Plus tard, devenue infirmière, un des patients que j’eus sous mes soins fut aux prises avec des voix, un symptôme connu de la schizophrénie. Un jour, hors de l’hôpital, il répondit à une injonction biblique lui dictant de crever son oeil droit. Les médicaments l’aidèrent à sortir d’une terrible psychose, à calmer les voix intérieures mais une fois celles-ci revenues, hors de la vue de tous, il s’attaqua à son autre oeil. Cette fois-là, des voix sataniques d’un groupe rock se mêlèrent à l’injonction biblique et eurent une deuxième fois raison de son oeil et pour toute la vie. Quoique je n’aie pas été témoin de cette scène, mais plutôt de l’enfermement mental dans lequel se trouvait le jeune homme une fois interné, de la famille dévastée, d’une équipe de soins culpabilisée et dont les moyens n’étaient pas à la hauteur de tels problèmes, cette question du rapport complexe à la réalité fut autant que celle des normes, tout aussi fondamentale, pour me faire basculer vers l’anthropologie. Ce jeune homme dont je ne sais ce qu’il est devenu, avait à l’époque mon âge, 22 ans. Avec mes amis et aussi les collègues de cette époque, je ne pouvais pas traduire toute l’émotion que cela me provoquait, de même que toutes les questions qui déferlaient en moi. Ce type d’expérience se partage assez mal, un peu comme certains terrains d’anthropologues exigent des années de travail avant qu’ils ne puissent être adéquatement traduits et les récits transmis. Le stigma qui entoure la réalité des personnes qui vivent avec des problèmes de santé mentale est tel que les personnes qui acceptent de le côtoyer le vivent un peu aussi ; les soignants de ces milieux forment d’ailleurs un groupe un peu à part. La psychiatrie n’est-elle pas encore cet objet obscur de la médecine ? Quoiqu’il en soit, ces images restèrent à jamais enfouies en moi, celles de ce jeune homme et de nombreuses autres, de l’invisibilité de la personne psychotique enfermée, dit-on « pour son bien et celui des autres », de la honte qu’elle provoque et aussi de la peur, d’une part de l’intraduisible de telles expériences. En langage cinématographique, on parle de « hors-champ » ; en anthropologie, cela nous ramène comme le dit si bien Ellen Corin (1986) vers la « Centralité des marges et dynamiques des centres ».

C’est entre autres par cette expérience que je qualifierais de fondatrice que je suis arrivée à l’anthropologie dans la mesure où les lectures des intellectuels qui questionnaient les normes collectives des sociétés, ainsi que leur relativité, m’ont proposé des avenues et de nouvelles questions, et, toute ma vie et encore aujourd’hui, elles m’ont servi de repères, sans jamais me lasser.
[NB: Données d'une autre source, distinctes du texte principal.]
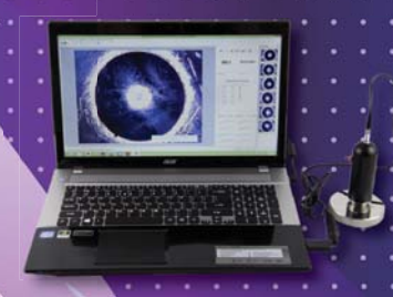
Optional Accessory: PHT-5000 Optical Brinell Scanner See Page 41
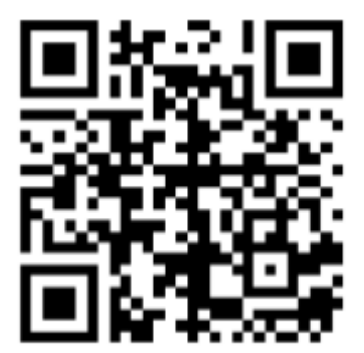
Pig Dinner RSVP Form https://tinyurl.com/PigDinner2023

scanning the QR code to the right and completing the google form.
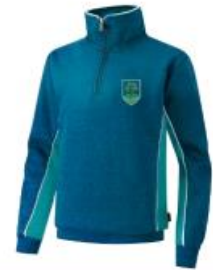
¼ Zip PE Top £25.00
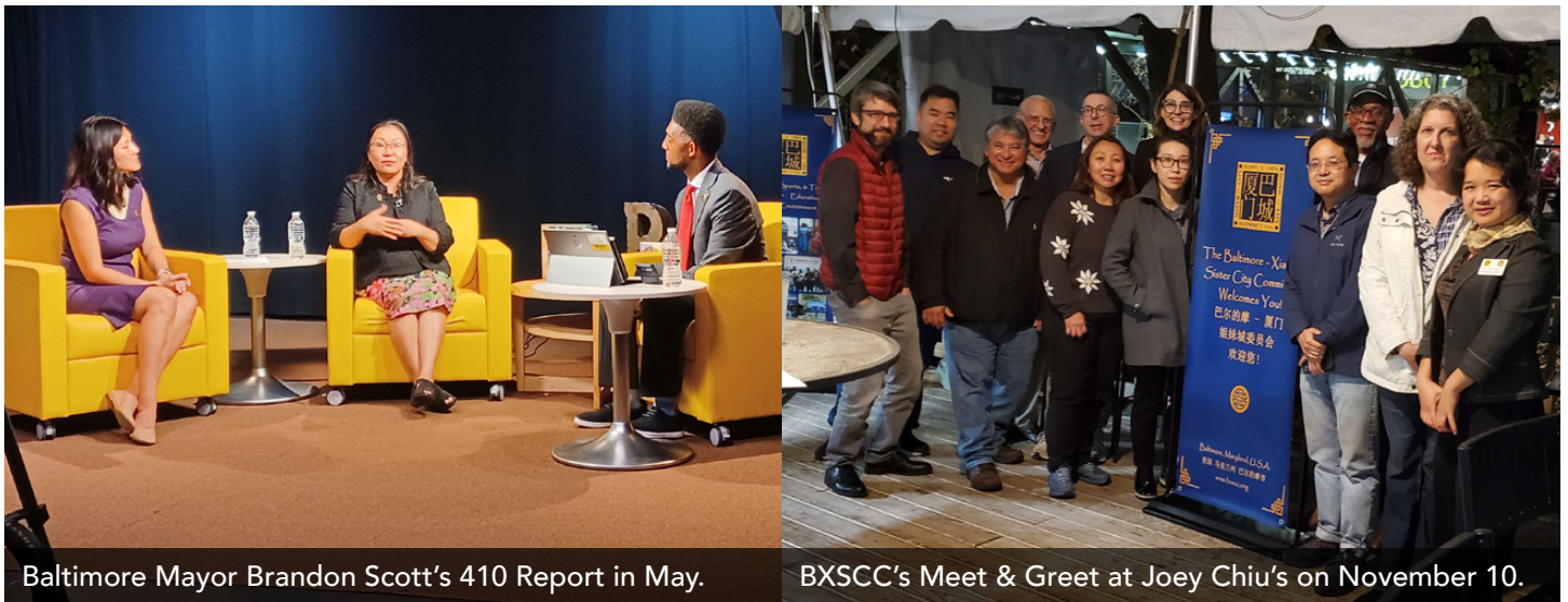
Baltimore Mayor Brandon Scott's 410 Report in May.

including fundraising, donations, & membership dues
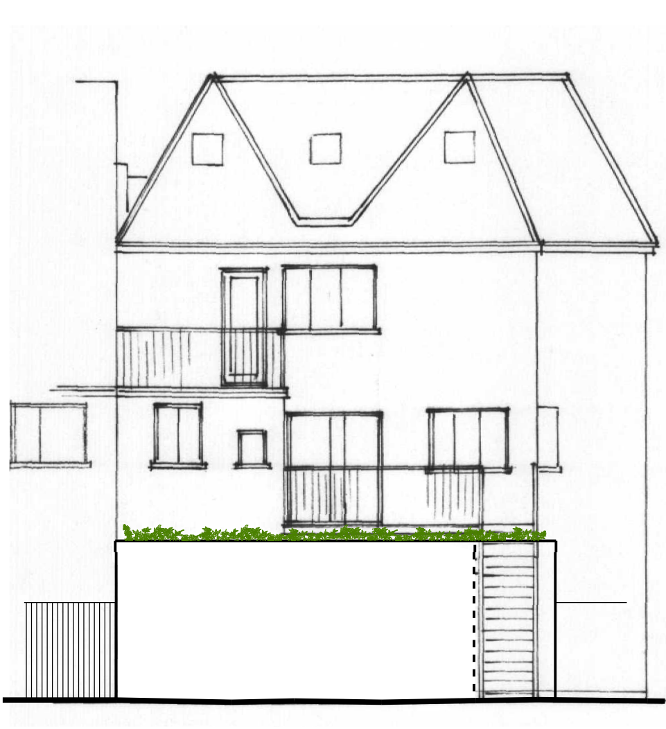
02 PROPOSED REAR ELEVATION SCALE 1:100
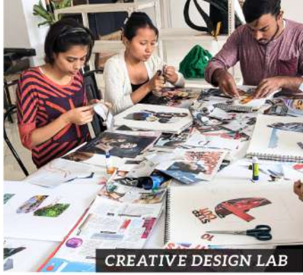
CREATIVE DESIGN LAB
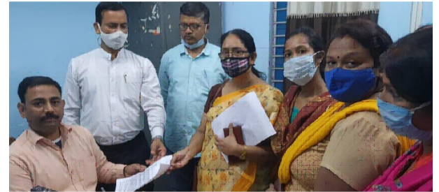
Deputation to MD, Adityapur Electricity Department, Jharkhand, on 23 November

Electricity Consumers' Association, an all India platform to organize people's movement against Electricity Act 2003 and proposed Electricity (Amendment) Bill
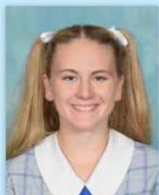
1 - 20 cm x 25 cm

Log in using your secure access key to begin customising
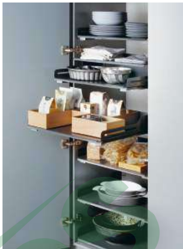
開放式盤籃 | 顏色 | 鐵灰 EXTENDO | 櫃寬 | 450/600/800/900mm | 盤籃深度 | 495mm

Le caractère difficilement traduisible et partageable des expériences que font des personnes qui vivent avec un diagnostic de maladie grave en santé mentale et celles des personnes qui les accompagnent, et les images qui m’en sont restées, m’ont longtemps hantées. Il y avait quelque chose de traumatisant d’être privée d’outils de traduction et d’analyse en dehors des outils professionnels que je détenais déjà et qui ne me satisfaisaient pas. Ce qui me questionnait était vraiment le rapport aux normes, à l’hégémonie culturelle, à l’exclusion, aux inégalités sociales, aux rapports de pouvoir, à la nature même de ce que serait la réalité. La seule façon que j’eus à ce moment de tenter de traduire cet intraduisible fut la poésie, un langage que je ne maîtrisais pas vraiment mais qui m’autorisait à parler de la folie et des limites symboliques du monde dans lequel je vivais. Je souhaitais ainsi parler de ceux laissés derrière les murs, derrière les barrières culturelles et sociales, donc comprendre et traduire ce hors-champ de la culture. Ce que mes premiers écrits anthropologiques firent mais aussi mes premiers poèmes : lire le monde depuis ses marges. Le parcours anthropologique que j’amorçais dès le milieu des années 1970 à l’Université Laval m’a donc vite plongée du côté de l’anthropologie médicale : le croisement de la discipline avec la profession infirmière et l’anti-psychiatrie, mais aussi avec d’autres influences telles que ma participation au mouvement féministe, à la contre-culture, au mouvement littéraire de la nouvelle écriture[4], tout cela finissait par converger.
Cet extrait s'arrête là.